# Checking for the sucking stomach on your molts



## Nightstalker47 (May 4, 2018)

I noticed we don’t have a thread on this topic, so if anyone has further experiences with this and whether or not their specimen survived the ordeal please share in this thread. Hopefully we can compile some useful data for the future.

Although this has not happened to me yet, thankfully, many have reported issues with tarantulas molting and then no longer managing to get food down, this has been the result of an issue with the sucking stomach. You can inquire simply by examining the last molt or exuviae, the tarantula also needs to shed the previous sucking stomach on the molt, so if it’s not there…there’s your issue.

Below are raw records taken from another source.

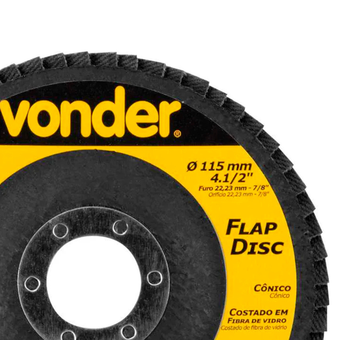 | Modelo | Caixa com 10 Discos de Lixa Flap 4.1/2" Grão 60 Vonder |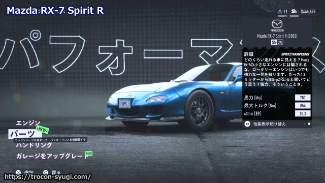 エンジンはスーパー「592馬力3.8L V8エンジン」、パーツは使用できる最高クラスのものを選択。過給器はルーツ式、サスペンションは[ロード]、タイヤは普通のものを使ってました。RX-7以外だとNISSAN 180SX Type Xなどもオススメ。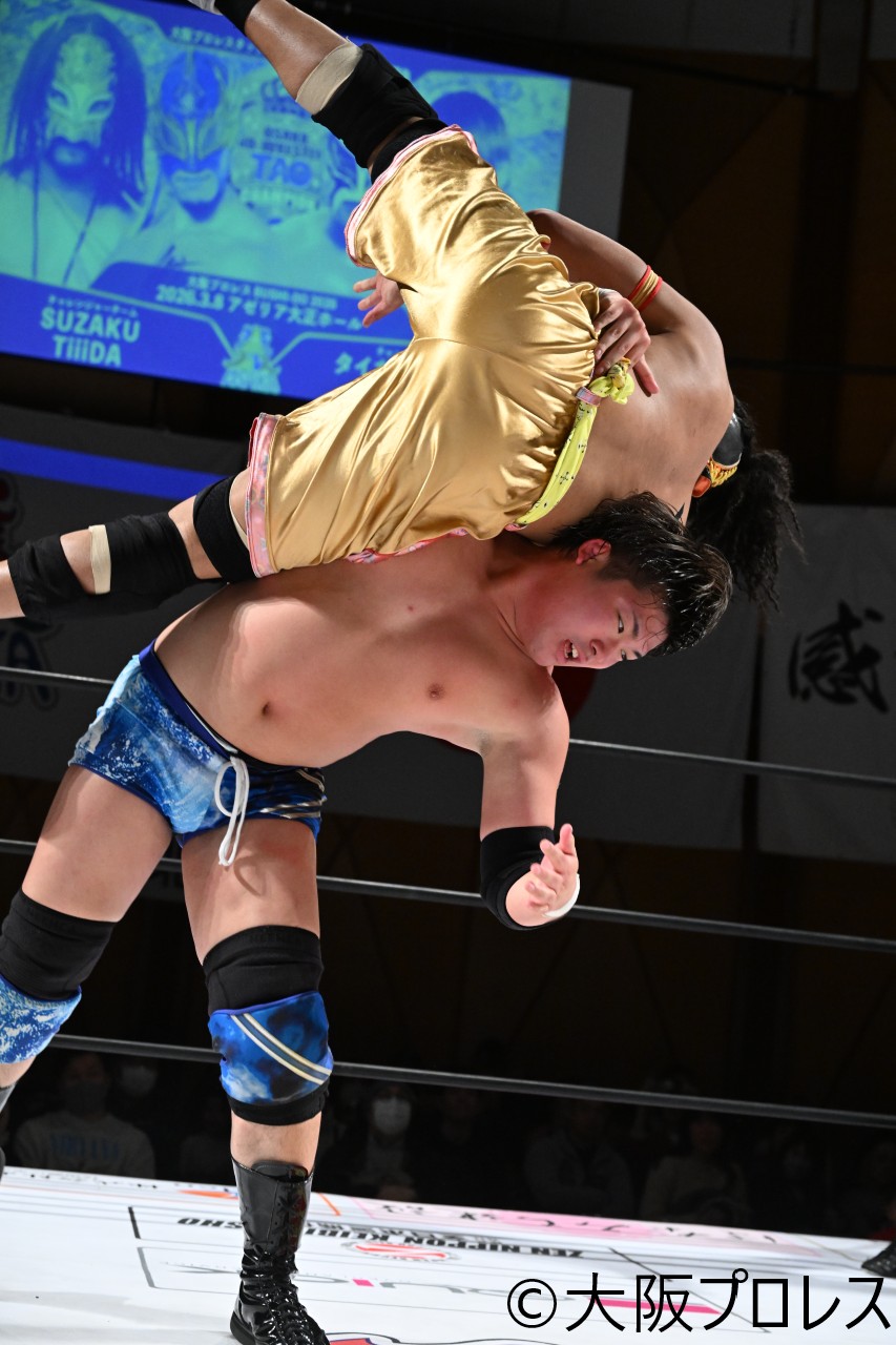 【試合詳細】3・8 大阪プロレスアゼリア大正ホール大会 【大阪プロレスタッグ】タイガースマスク&佐野蒼嵐 vs SUZAKU&TiiiDA 【大阪名物世界一】タコヤキーダー vs 松山勘十郎 松房龍哉&アルティメット・スパイダーJr&三原一晃 vs TORU&大瀬良泰貴&浅川紫悠
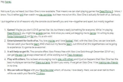 The ad then presents a pandering letter to the domineering party suggesting reasons they'll want an Xbox One too. Now certain words are highlighted green and can be changed based on a selections of other words ("slay zombies" can be switched to "race cars" or "get sweaty", for example), so users can tailor it to their specific scenario. However, the default letter reads as follows: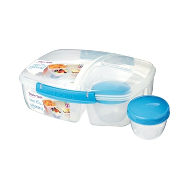 Divided into 3 compartments. 2 smaller zip compartments with 1 large compartment. Includes 1 cup with screw cap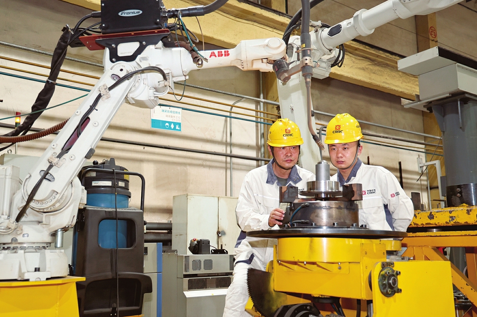 另一边,全国技术能手王大龙手持示教器,机器人手臂随之平稳移动,机车前端梁上随即焊出了均匀饱满的焊缝。王大龙说:“机器干重复活、精细活,人干判断活、创新活。”转过身,他教导身边的徒弟,“焊接参数要根据材料、环境动态调整。我们既要会‘指挥’机器,更要掌握背后的工艺逻辑。”
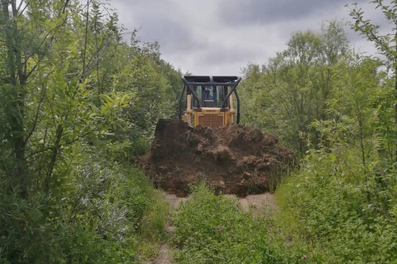 За несколько лет минполосы заросли травой, кое-где — кустарником. В противопожарном обустройстве бульдозеристу помогали госинспекторы Поронайского лесничества. Перед прохождением бульдозера на обеих сторонах минполосы срезали ветки деревьев, поскольку кроны не должны соприкасаться, иначе огонь при пожаре может по ним перекинуться в лесной массив.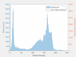 One limitation of the Otsu’s method is that it cannot segment weak objects, as the method searches for a single threshold to separate an image into two classes, namely, foreground and background, in one shot. Because the Otsu’s method looks to segment an image with one threshold, it tends to bias toward the class with the large variance.[14] Iterative triclass thresholding algorithm is a variation of the Otsu’s method to circumvent this limitation.[15] Given an image, at the first iteration, the triclass thresholding algorithm calculates a threshold using the Otsu’s method. Based on threshold , the algorithm calculates mean of pixels above and mean of pixels below . Then the algorithm tentatively separates the image into three classes (hence the name triclass), with the pixels above the upper mean designated as the temporary foreground class and pixels below the lower mean designated as the temporary background class. Pixels fall between are denoted as a to-be-determined (TBD) region. This completes the first iteration of the algorithm. For the second iteration, the Otsu’s method is applied to the TBD region only to obtain a new threshold . The algorithm then calculates the mean of pixels in the TBD region that are above and the mean of pixels in the TBD region that are below . Pixels in the TBD region that are greater than the upper mean are added to the temporary foreground . And pixels in the TBD region that are less than the lower mean are added to the temporary background . Similarly, a new TBD region is obtained, which contains all the pixels falling between . This completes the second iteration. The algorithm then proceeds to the next iteration to process the new TBD region until it meets the stopping criterion. The criterion is that, when the difference between Otsu’s thresholds computed from two consecutive iterations is less than a small number, the iteration shall stop. For the last iteration, pixels above are assigned to the foreground class, and pixels below the threshold are assigned to the background class. At the end, all the temporary foreground pixels are combined to constitute the final foreground. All the temporary background pixels are combined to become the final background. In implementation, the algorithm involves no parameter except for the stopping criterion in terminating the iterations. By iteratively applying the Otsu’s method and gradually shrinking the TBD region for segmentation, the algorithm can obtain a result that preserves weak objects better than the standard Otsu’s method does.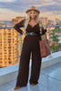 Elegancki damski kombinezon z drapowaną górą, podkreślającą dekolt i dodającą szyku. Szerokie spodnie w stylu palazzo optycznie wydłużają sylwetkę, a pasek podkreślający talię idealnie modeluje talię. Miękka dzianina idealnie dopasowuje się do ciała, zapewniając komfort i styl.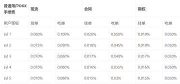 OKX 交易手续费依照用户的VIP 等级而有不同的手续费,如果以LV1 的一般用户而言,现货的手续费落在0.08-0.1%之间,合约和期权则落在0.02-0.05% 之间。
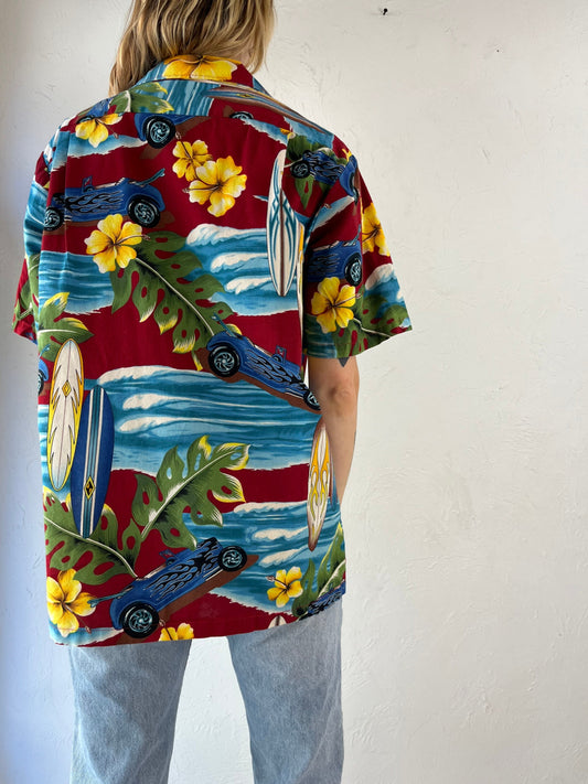 90s ‘RJC’ Hot Rod Topical Print Cotton Dress Shirt / Small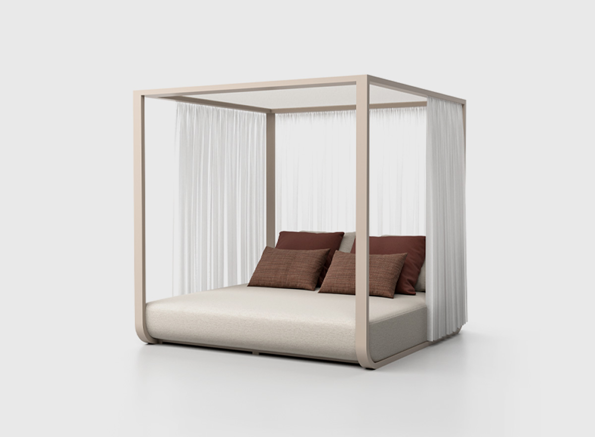 Daybed fabricada en aluminio en tono white wash, combina a la perfección durabilidad y elegancia. Con un diseño espacioso y ergonómico que invita a relajarse con los suyos, este mueble añade un toque de distinción atemporal a su terraza.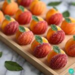 - Add finishing touches: Lightly tint the cookies with red and yellow food coloring if desired to enhance the peach-like appearance. Garnish with fresh mint leaves before serving.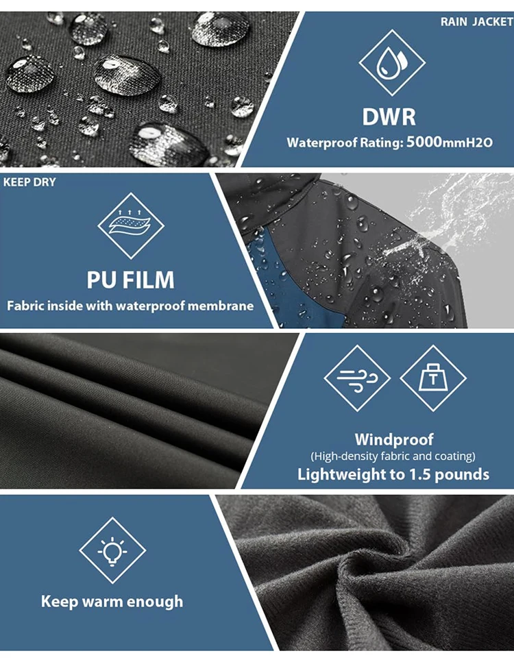 WATER RESISTANT: The men's lightweight jacket is made of 5000mm waterproof fabric, and all the zipper pockets are waterproof-designed, which is suitable for rainy or misty weather, keep you dry and comfortable throughout the day.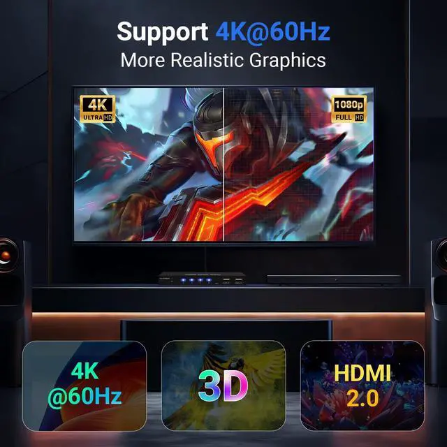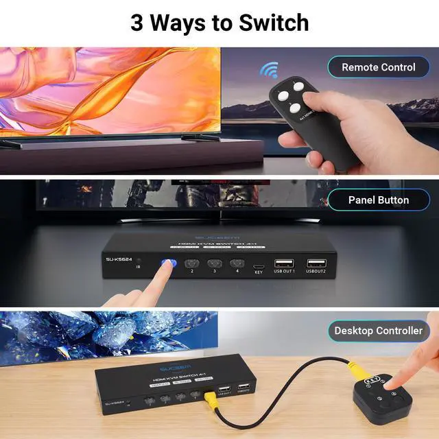 4-Port HDMIThe HDMI KVM switch allows you to control up to 4 computers sharing 1 HD monitor and 4 USB 2.0 devices such as printers, mouse, keyboards, U disks and more. ^^ 3 Switch ModesRemote control and wired desktop controller is included. You can easily switch between 4 computers using the remote control or switch button or wired desktop controller, the LED indicator will show the incoming devices. ^^ Ultra HD 4K@60HzSupports ultra-wide screen display, DDC and automatic recognition of high-quality output. With a resolution of up to 4K@60Hz, Fine and realistic images with vivid colors give you a visual feast.

It’s pretty simple to check for, so in the future, when you guys are sexing molts and whatnot, you mineswell verify that the sucking stomach was indeed successfully molted. It should look like this.

Reactions: Like 11 | Thanks 3 | Agree 1 | Informative 17 | Helpful 3 | Useful 4


----------



## MetalMan2004 (May 4, 2018)

I always found this extremely fascinating and strange.


----------



## Ashley2070 (May 4, 2018)

Yeah my E. murinus I posted about a little while back had this issue. He didn't molt out his sucking stomach and was extremely skinny I really didn' have much hope for him. I came home from work one day and I was so ecstatic/nervous to see him on his back molting but he actually pulled out of it. It was 149 days it took him to molt. Here's the picture of his sucking stomach after the last molt

Reactions: Like 8 | Agree 2 | Love 3


----------



## EulersK (May 4, 2018)

Yeah, I had a similar experience as @Ashley2070 did. Mine was a B. vagans. Luckily, he was fat enough that he was able to molt without having had a single meal the entire molt cycle. Perfectly healthy (albeit extremely skinny) after the second molt.

Reactions: Like 5


----------



## Dovey (May 4, 2018)

I love the sucking stomach. I always think of it as a little biological straw. Of course, one would. If one cannot have so much as a diet soda without a straw. I'm a bit of a straw fanatic.

Strictly speaking, as far as function goes it's probably more directly akin to my pumping gravel vacuum for the aquariums.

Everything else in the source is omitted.